The world is going through a fascinating crisis. I say fascinating because the responses to it, in many cases, are quite quaint. This is seen by many people as deserved comeuppance for those who preached liberal reform or were favourable to globalisation. Many gleefully hail the ‘Socialist’ phase in the US and the UK. Many welcome the defeat of liberal reform.
It may be useful to recall that before globalisation came sometimes in early 1990s, India was trundling along at a pathetic rate of growth. From the Hindu rate of 3.5 per cent under the old Socialist regime, it had quickened to 5.5 per cent but without reform. It was a false boom based on borrowed money. This crashed in 1991 as India went bankrupt and had to go cap-in-hand to Western donors who insisted on taking physical delivery of gold reserves.

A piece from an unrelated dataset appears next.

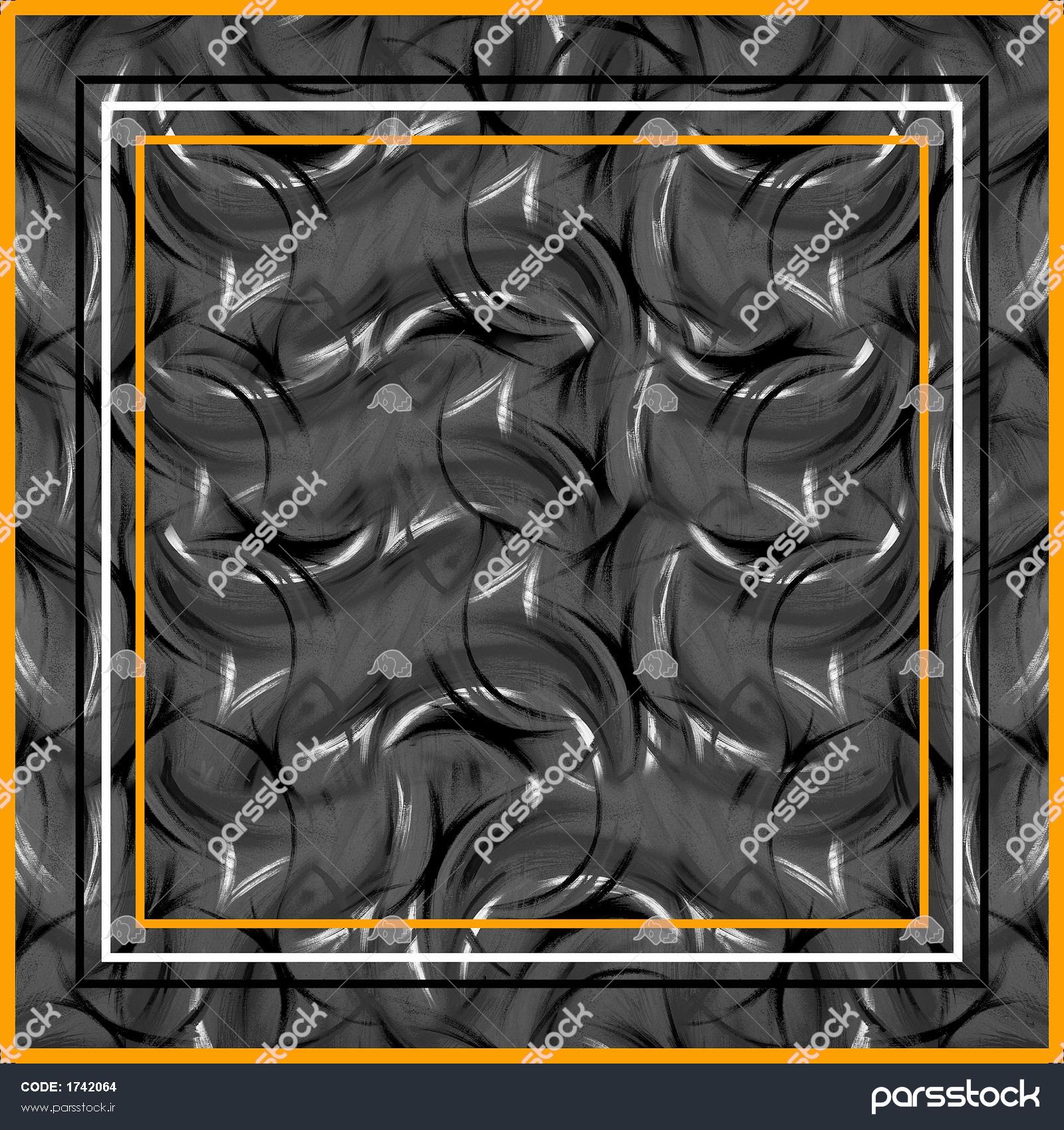 پترن انتزاعی گردابی با خطوط نقره‌ای و مشکی در زمینه خاکستری سیر (مناسب شال و روسری و دکوراسیون مدرن)

The old Socialist regime shouted slogans about garibi hatao but did little about it. Education and health were neglected since all the savings were spent on capital-intensive industries that were inefficient but pandered to the ego of the elite leadership. India could make a nuclear device, but not provide primary education, primary health care or clean water. Socialism meant, like in the USSR, a military industrial complex that ignored the common people’s welfare.
When liberal reform came in 1991, it was bitterly opposed by the Left and the business classes alike. Yet for the poorest people, it was a long-awaited liberation. India’s head count of poverty fell faster in the 15 years since 1991 than ever before. Now it is down in the 20s rather than twice that during the Socialist phase. Per capita income has grown faster in the last 17 years than ever before (even more than during Rama Rajya, I am sure). Since 2000, the economy has charted an explosive path and now India is known not for snake charmers and rope tricks but for efficient management and globally competitive industry.
It is necessary to preserve and enhance all this because of and despite the financial crisis. The benevolent climate in which the rapid growth took place for the last 17 years will disappear. Capital flows from abroad will be harder to attract. Export markets for services will contract. India will need to be much more competitive than it has been before. It needs not just to keep up its liberal policies but to renew them imaginatively.
What the Singur episode has shown is that the 1894 Act for acquisition of land is undemocratic. All the SEZs also need to be re-examined. The need for such special deals arises from the restrictive hiring and firing laws that prevail everywhere else. This is also why there is now a large pool of workers who have insecure jobs.
The days of Nehru-Gandhi Socialism were days of elite dominance and a deferential public. Now Indian democracy is much more vigorous at the base and more corrupt at the top. The elite itself has changed and absorbed many new, previously downtrodden groups. But those who come into politics crave executive power as a means of enrichment. They have no time for legislative work. Hence politics remains strangely distant from the people because executive power in India at the Union and the state level is untrammelled by any checks from legislatures. The only way to challenge a bad decision is to resort to direct action or go to the judiciary to get redress.
Indian politics needs a renewal in a way that accommodates the democratic spirit of the people. Old style paternalism disguised as Socialism will not do any longer. Since legislatures will not do the work they are meant to, we need much more civil society action to look after public interest in defiance of corrupt and overbearing executive power. It is unlikely that the present political parties will change and become more aware of people’s needs. Or that they will become more democratic and open in their internal structures. For the politicians, people are just vote banks to be cajoled and bribed at election times and then to be patronised and bullied. Political parties only use the poor people to get into power and then behave exactly like all executives. If Mamata Banerjee comes to power, she will behave just like Buddhadeb. Things have to change.